Records shown:
--------------------------------
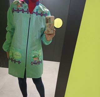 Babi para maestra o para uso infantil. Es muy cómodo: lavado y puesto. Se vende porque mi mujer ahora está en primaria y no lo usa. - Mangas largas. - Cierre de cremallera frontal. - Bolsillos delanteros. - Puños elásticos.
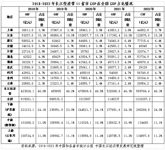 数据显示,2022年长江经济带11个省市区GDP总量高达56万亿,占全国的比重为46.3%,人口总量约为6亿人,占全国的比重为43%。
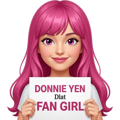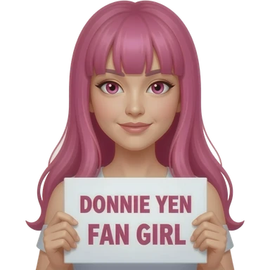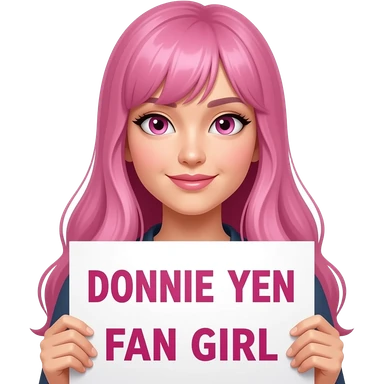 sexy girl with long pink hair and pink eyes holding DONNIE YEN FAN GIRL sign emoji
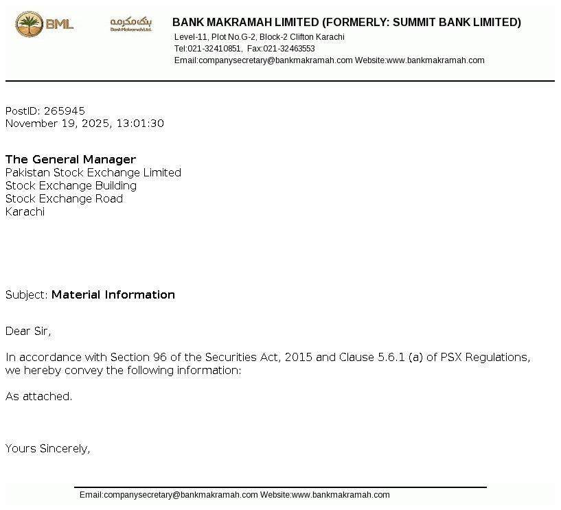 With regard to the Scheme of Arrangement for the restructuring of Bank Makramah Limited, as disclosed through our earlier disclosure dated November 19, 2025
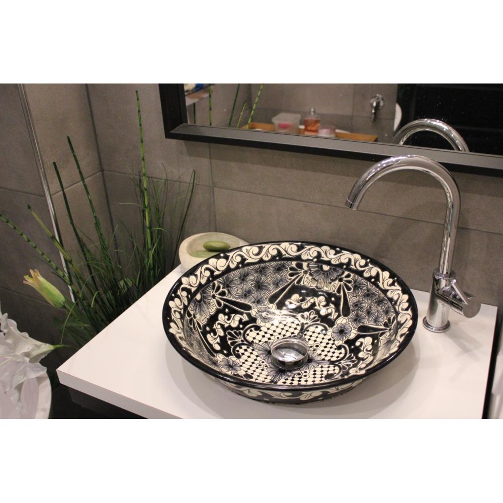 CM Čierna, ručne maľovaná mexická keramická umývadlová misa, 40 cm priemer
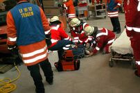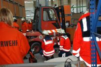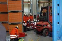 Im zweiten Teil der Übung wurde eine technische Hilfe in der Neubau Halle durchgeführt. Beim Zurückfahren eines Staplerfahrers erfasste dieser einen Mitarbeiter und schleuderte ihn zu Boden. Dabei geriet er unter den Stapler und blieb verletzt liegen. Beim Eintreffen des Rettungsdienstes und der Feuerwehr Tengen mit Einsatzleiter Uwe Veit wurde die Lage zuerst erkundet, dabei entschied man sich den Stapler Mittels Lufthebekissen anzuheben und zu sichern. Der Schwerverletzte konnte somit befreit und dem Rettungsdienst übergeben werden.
--------------------------------
Task description: From the material above, reproduce only what runs from the line holding "With regard to" down to the line holding "CM Čierna, ručne", both included, pictures excluded.

Answer to this exercise:
 With regard to the Scheme of Arrangement for the restructuring of Bank Makramah Limited, as disclosed through our earlier disclosure dated November 19, 2025
 CM Čierna, ručne maľovaná mexická keramická umývadlová misa, 40 cm priemer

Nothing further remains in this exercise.